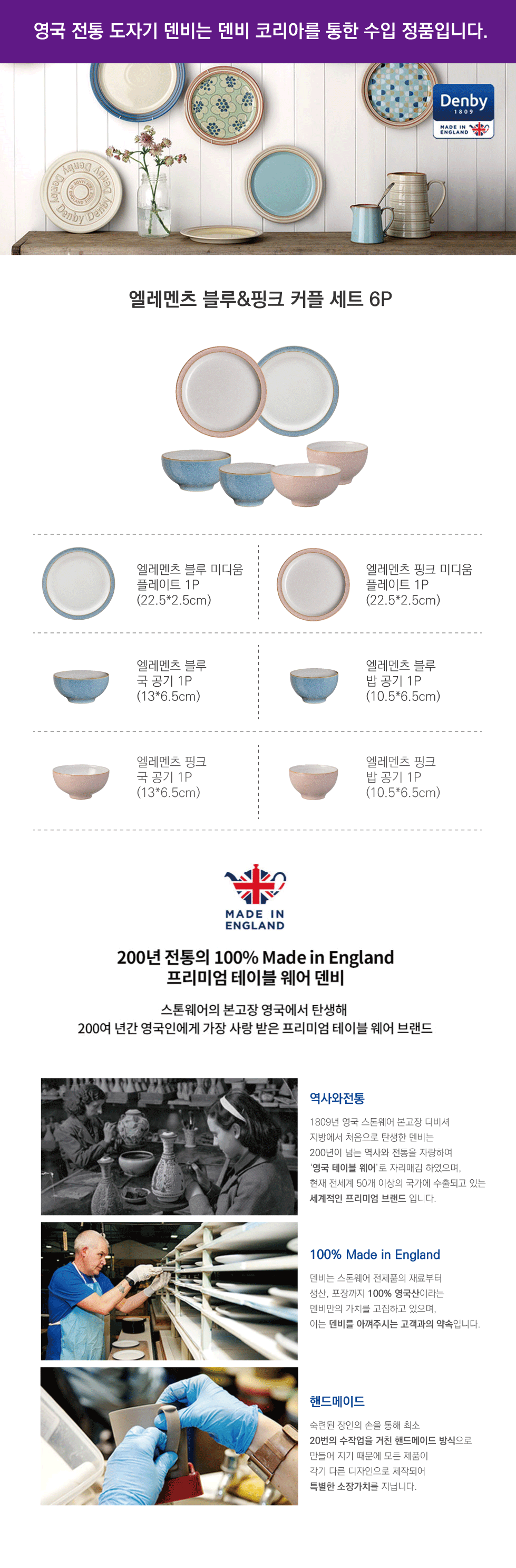 | 품명 및 모델명 | Denby 덴비 엘레멘츠 블루&핑크 커플 세트 6P |
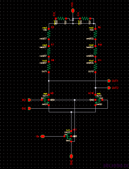 大家好,请教一个关于差分对版图的问题,我画的是电阻负载的差分对,输入对管采用共质心画法,指数为10,ABBAABBAAB对应BAABBAABBA,栅极交叉连接,其中一部分栅接在一起作为输入IN1,剩下的部分接一起作为输入IN2,现在LVS的Nets总提示节点个数不匹配,说是原理图中1个节点,版图中却有2个。是不是因为共质心的画法,需要把MOS管的多晶栅拆成交叉两个造成软件识别不了?初学版图,谢谢指教。
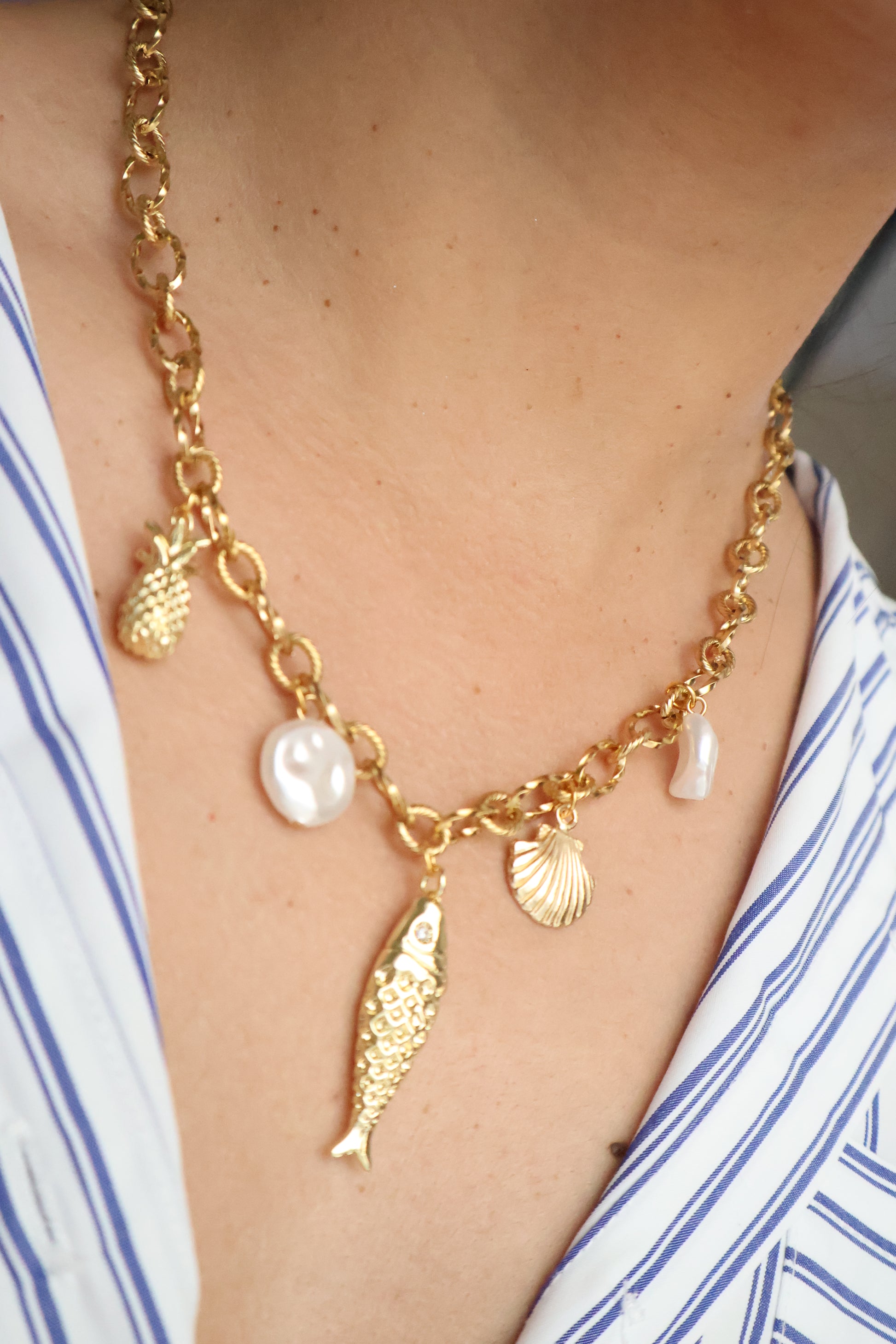 Este collar con charms marinos está inspirado en la vibrante ciudad de Cartagena, Colombia. Fabricado en acero inoxidable de alta calidad, ofrece resistencia al desgaste y un acabado duradero que mantiene su brillo con el tiempo. Su diseño cuidado refleja la esencia costera y cultural de Cartagena, ideal para quienes buscan una pieza elegante que evoque recuerdos y conexión con esta hermosa ciudad. Perfecto para uso diario o como un regalo significativo.

● Exercise directions
A faithful copy is needed: reproduce all of the data above, leaving the pictures out.

● Response to the task
 | 품명 및 모델명 | Denby 덴비 엘레멘츠 블루&핑크 커플 세트 6P |
 大家好,请教一个关于差分对版图的问题,我画的是电阻负载的差分对,输入对管采用共质心画法,指数为10,ABBAABBAAB对应BAABBAABBA,栅极交叉连接,其中一部分栅接在一起作为输入IN1,剩下的部分接一起作为输入IN2,现在LVS的Nets总提示节点个数不匹配,说是原理图中1个节点,版图中却有2个。是不是因为共质心的画法,需要把MOS管的多晶栅拆成交叉两个造成软件识别不了?初学版图,谢谢指教。
 Este collar con charms marinos está inspirado en la vibrante ciudad de Cartagena, Colombia. Fabricado en acero inoxidable de alta calidad, ofrece resistencia al desgaste y un acabado duradero que mantiene su brillo con el tiempo. Su diseño cuidado refleja la esencia costera y cultural de Cartagena, ideal para quienes buscan una pieza elegante que evoque recuerdos y conexión con esta hermosa ciudad. Perfecto para uso diario o como un regalo significativo.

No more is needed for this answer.